Filter pods by status. The classic "find every failed / pending pod" search.

kubectl get pods --field-selector=status.phase=Failed -A

kubectl get pods --field-selector=status.phase=Pending

kubectl get pods --field-selector=spec.nodeName=ip-10-0-1-23

List pods + svc + deploy + rs + statefulset + daemonset in one shot. Good high-level glance.

⚠ Common pitfall: `all` does NOT include configmaps, secrets, ingresses, jobs, PVCs, CRDs — the name is misleading. For "really all", iterate api-resources.

kubectl get all

kubectl get all -A

kubectl get all -n staging -o wide

Break CPU/memory usage down per container within one pod — find which sidecar is the memory hog.

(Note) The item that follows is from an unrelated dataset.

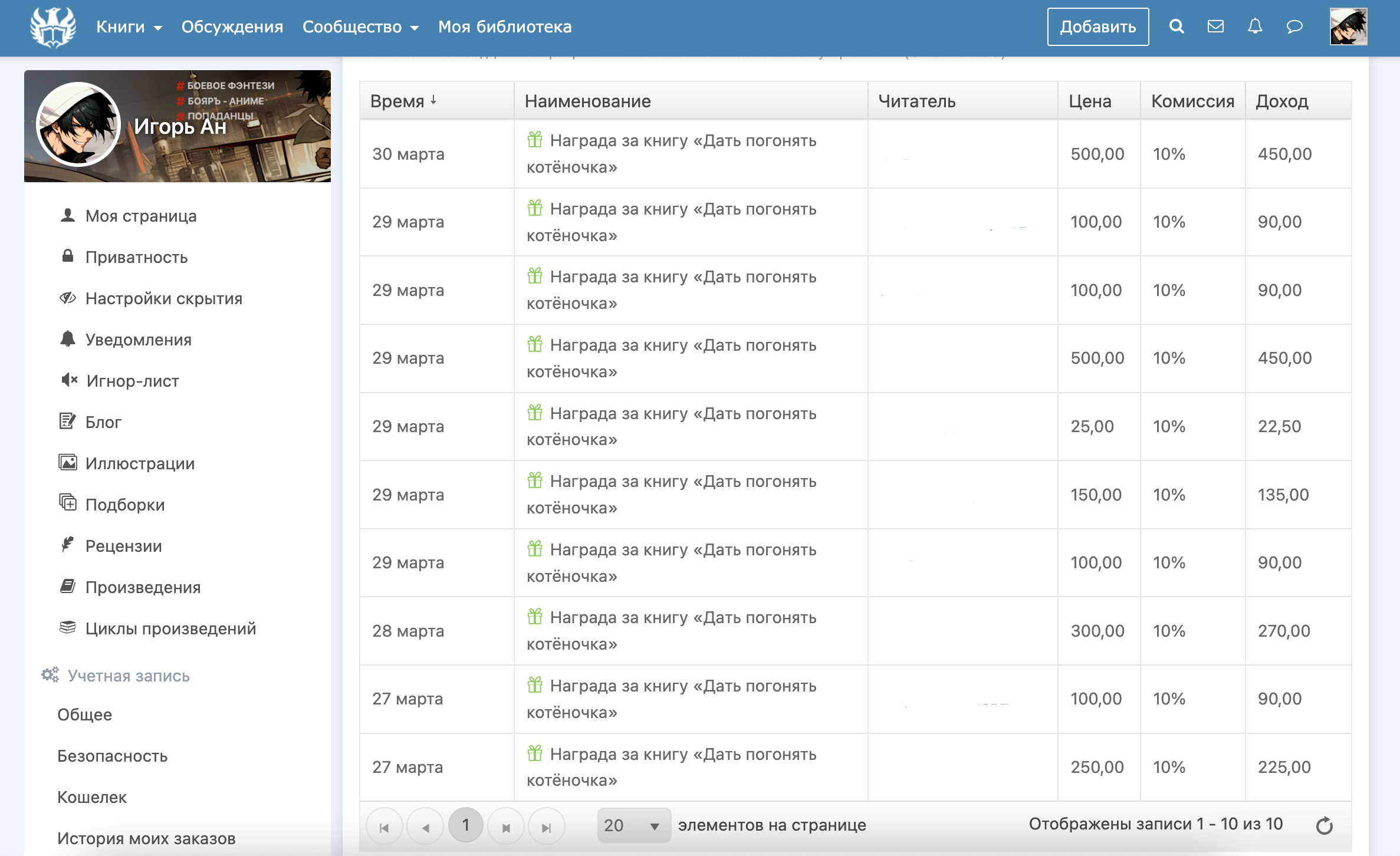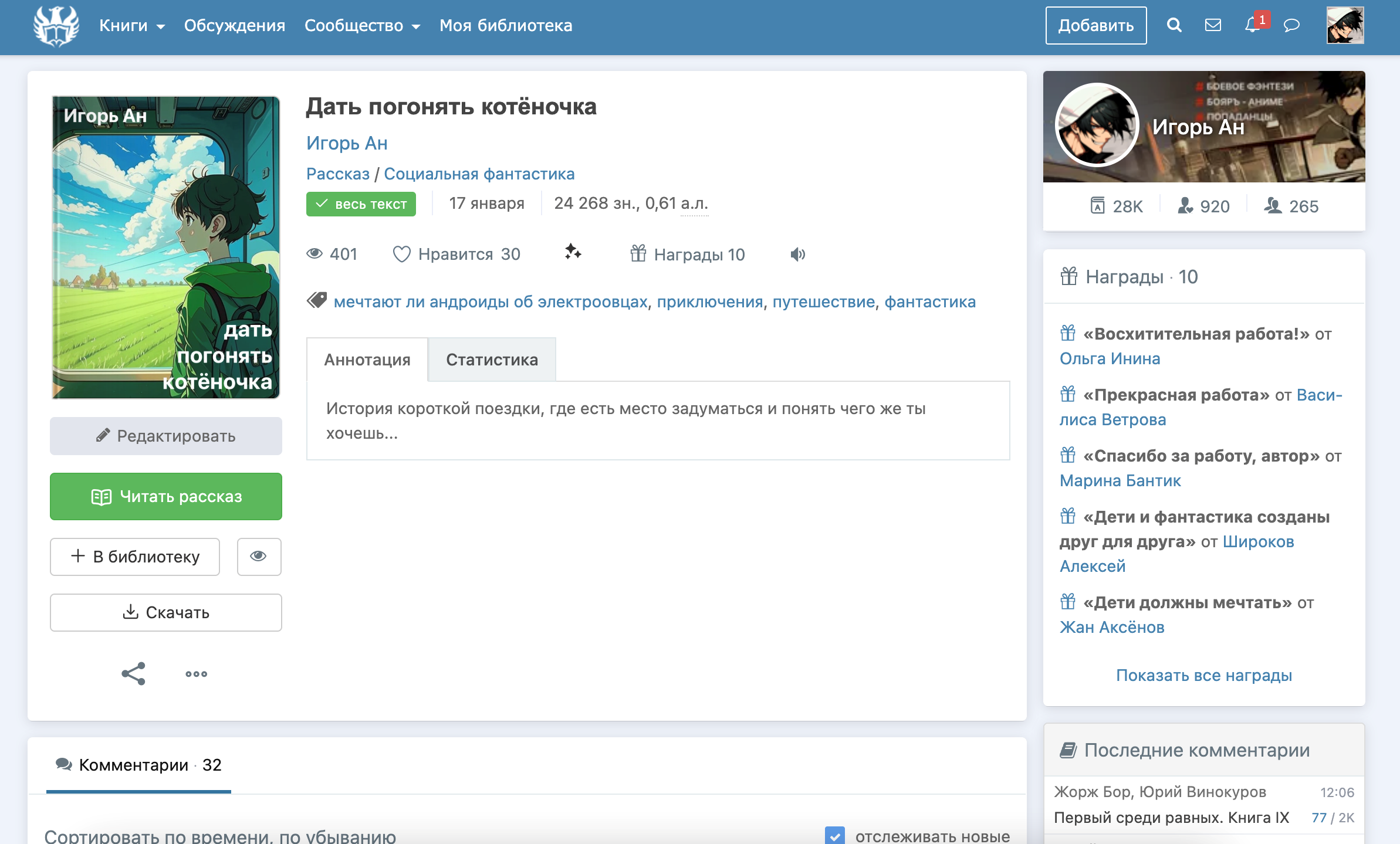 Тут видно, что наград у рассказа стало 10 (было 0)

kubectl top pod web-7d5 --containers

kubectl top pod -l app=web --containers --sort-by=memory

Show only Warning-level events (Normal events filtered out) — the actionable problems, not the routine noise.

kubectl get events --field-selector type=Warning --sort-by=.lastTimestamp

kubectl get events -A --field-selector type=Warning --sort-by=.lastTimestamp

Scope events to a single object — see only what happened to this pod/deployment, not the whole namespace.

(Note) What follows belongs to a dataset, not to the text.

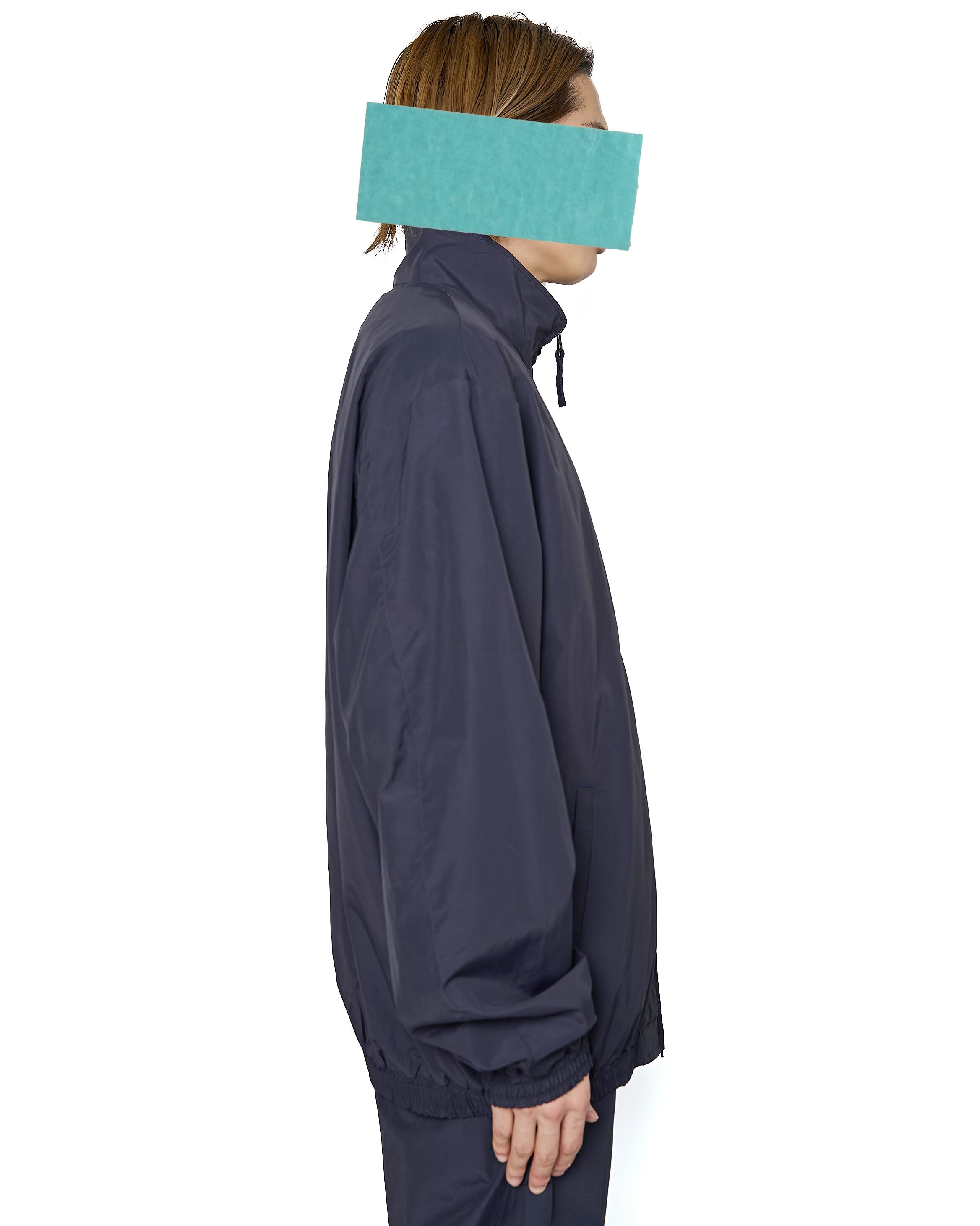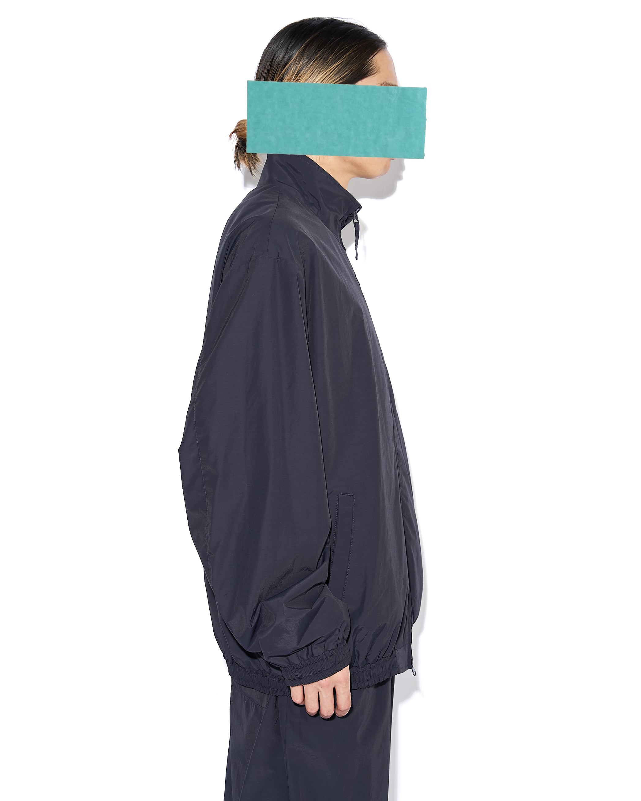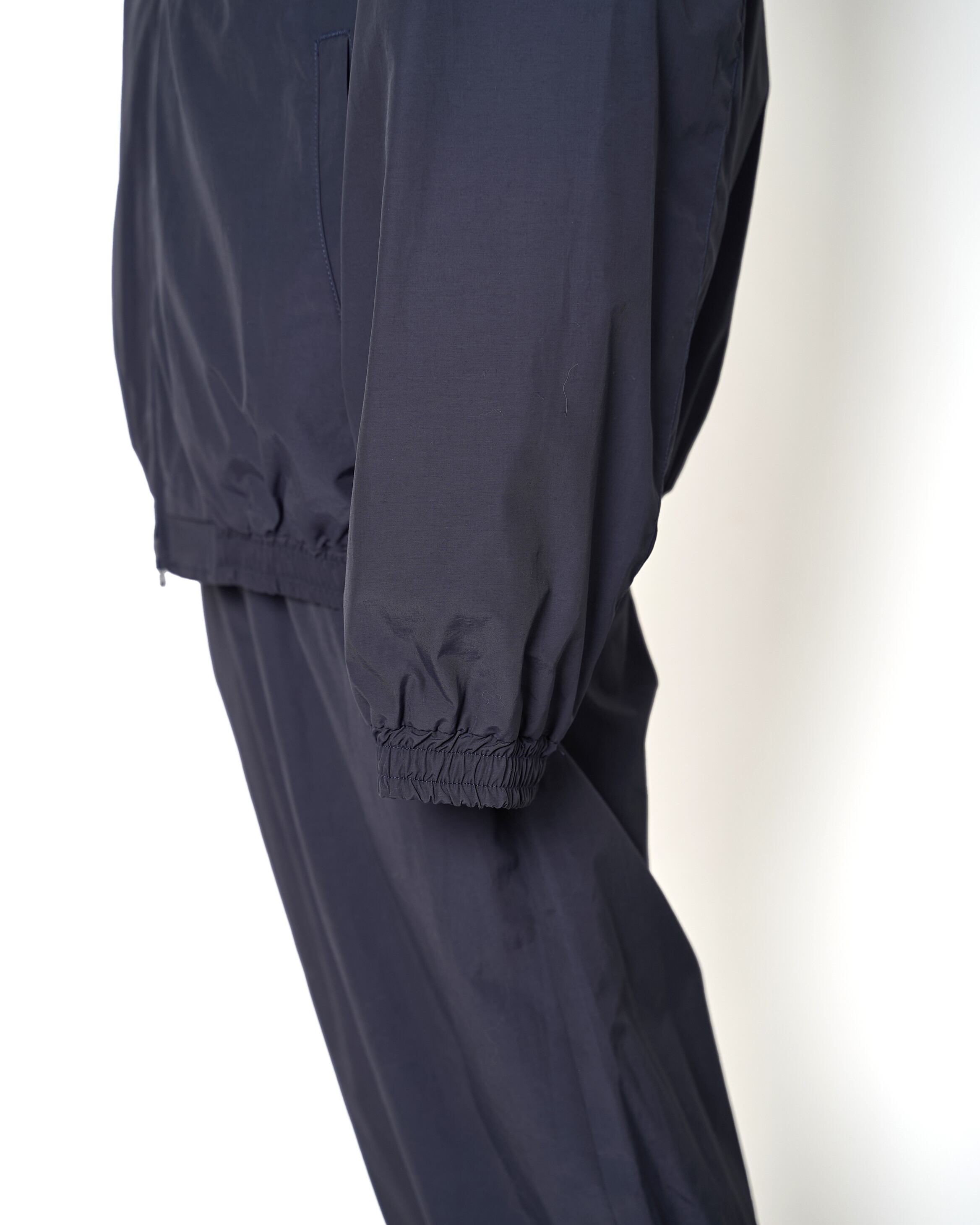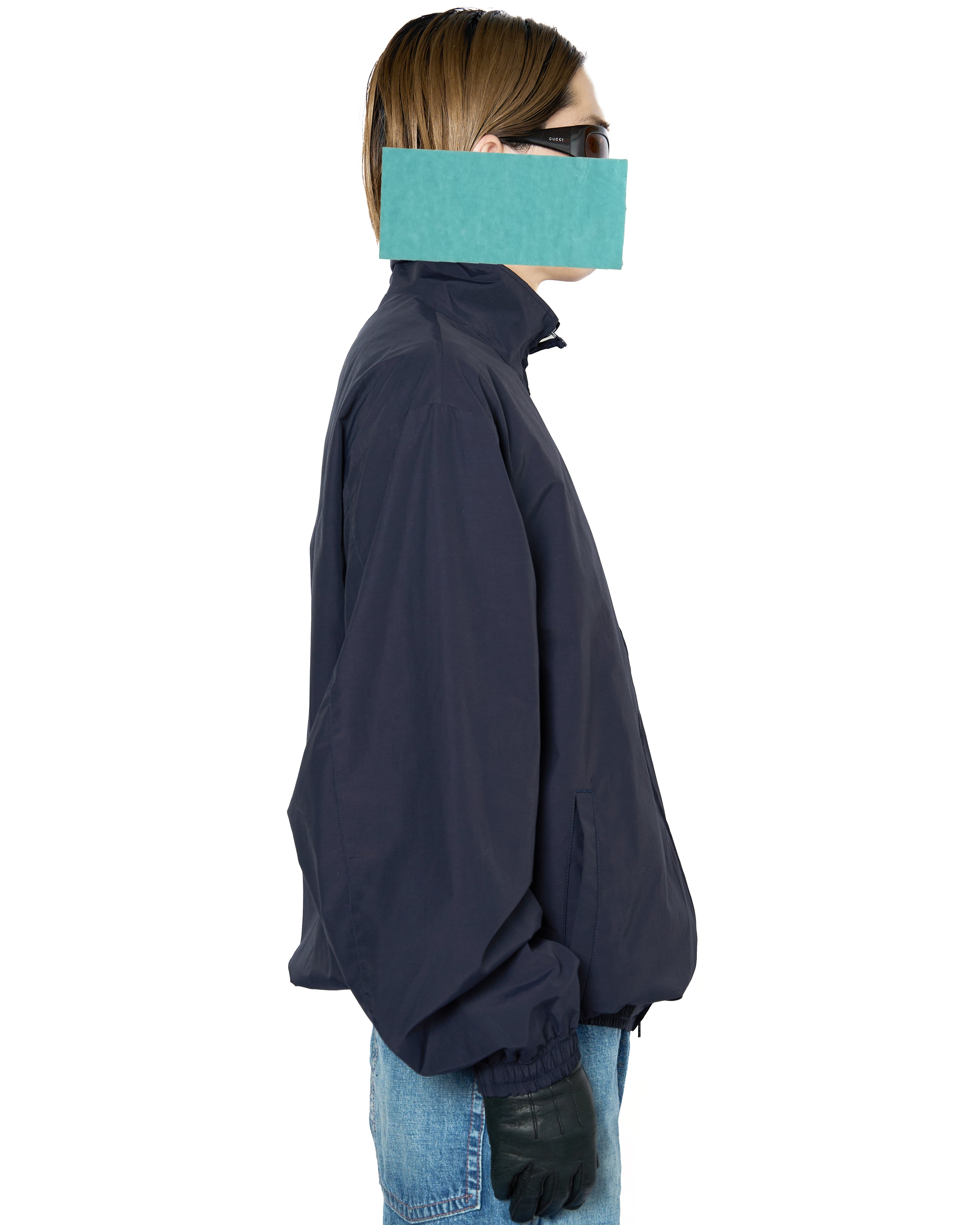 コットンナイロンのポプリンを使用したトラックジャケット。左胸、襟後ろにはブランドロゴ刺繍を施し、袖口・裾にギャザーを寄せることで、ほどよいフィット感と丸みのあるフォルム、内側にはメッシュを採用。

kubectl get events --field-selector involvedObject.name=web-7d5

kubectl get events --field-selector involvedObject.kind=Deployment,involvedObject.name=web

List every pod scheduled on a specific node, across all namespaces. Essential before draining a node.

kubectl get pods -A -o wide --field-selector spec.nodeName=ip-10-0-1-23

kubectl get pods -A --field-selector spec.nodeName=ip-10-0-1-23 -o name | wc -l

Block until any JSONPath field reaches a value — far more flexible than the built-in condition= waits (1.23+).

kubectl wait --for=jsonpath='{.status.phase}'=Running pod/web-7d5 --timeout=60s

kubectl wait --for=jsonpath='{.status.loadBalancer.ingress}' svc/web --timeout=5m

Stream only future changes (skip the initial full list). Pairs well with scripts that react to new events.

kubectl get pods --watch-only

kubectl get pods --watch-only -o json | jq .status.phase

Rank nodes by CPU (or memory) usage so the hottest node floats to the top. Capacity-planning at a glance.

kubectl top node --sort-by=cpu

kubectl top node --sort-by=memory

Declaratively create or update resources from YAML / JSON. The recommended workflow.

⚠ Common pitfall: Pass `-` to read from stdin: `helm template ... | kubectl apply -f -`. Apply tracks fields via last-applied-configuration annotation — manual `kubectl edit` of those fields can confuse the next apply.

kubectl apply -f deployment.yaml

kubectl apply -f ./k8s/

kubectl apply -f - <<EOF
apiVersion: v1
kind: ConfigMap
...
EOF

Apply a Kustomize overlay. Built-in since 1.14, no separate `kustomize` binary needed.

kubectl apply -k ./overlays/prod

kubectl kustomize ./overlays/prod | kubectl apply -f -

Imperatively create resources from YAML. Fails if the resource already exists.

⚠ Common pitfall: `create` is one-shot; `apply` is idempotent. For anything you re-run (CI/CD, git ops) use `apply`. Use `create` for things that must NOT silently update (Jobs).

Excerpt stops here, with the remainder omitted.